• Task brief: Find the line that contains "Seed bead necklaces". Copy it and every line after it to the end of the material below, exactly, with no pictures.

• Data segment:
# # # # # # #

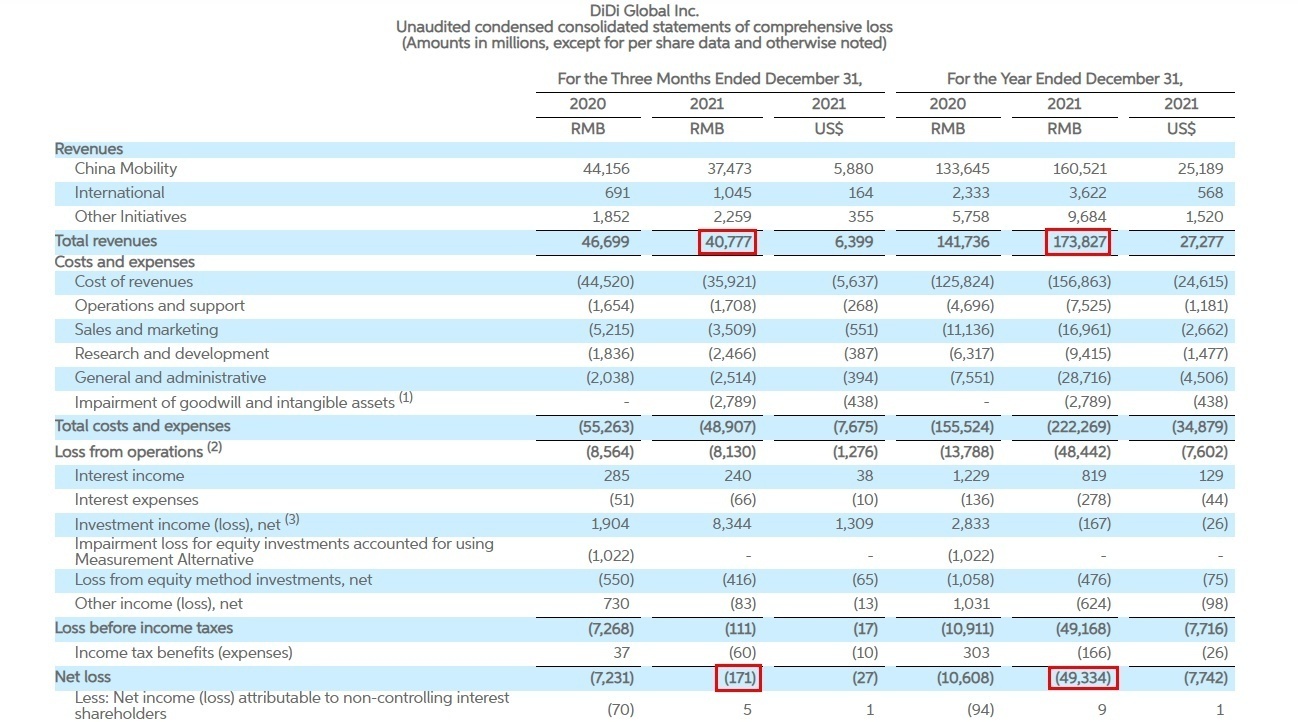 滴滴出行2021年第四季度财报
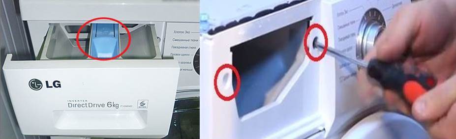 Открываем отсек для порошка, надавливаем на центральную ячейку и достаем выдвижной ящичек. Крестовой отверткой развинчиваем саморезы, на которых крепится лоток. Теперь займемся крышкой машинки. На задней стенке находим винты, которые ее держат, и раскручиваем их той же крестовой отверткой.
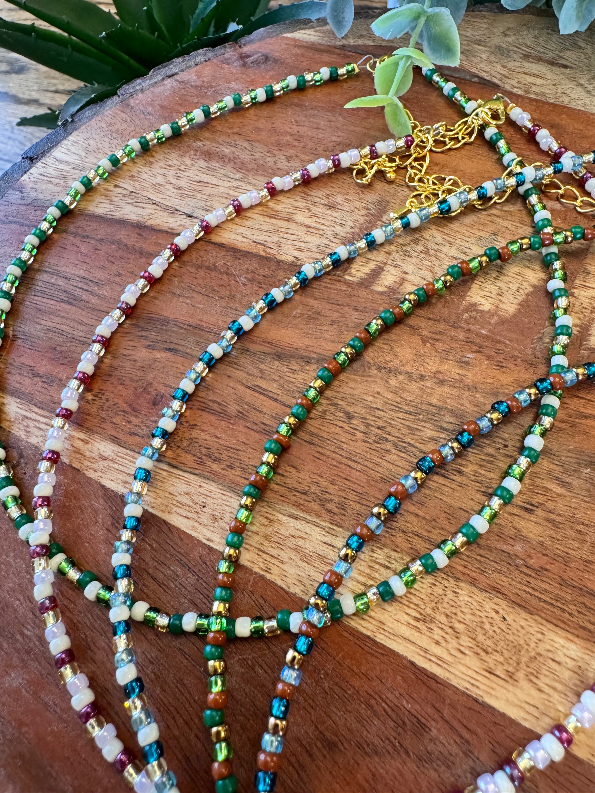 Seed bead necklaces approximately 14-16 inches in length.
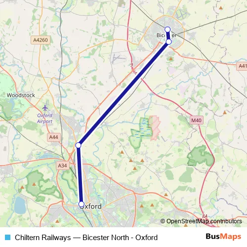 The first stop of the Chiltern Railways bus route is Bicester North and the last stop is Oxford. Chiltern Railways (Bicester North - Oxford) is operational during on weekends.

# # # # # # #

• Problem solution:
 Seed bead necklaces approximately 14-16 inches in length.
 The first stop of the Chiltern Railways bus route is Bicester North and the last stop is Oxford. Chiltern Railways (Bicester North - Oxford) is operational during on weekends.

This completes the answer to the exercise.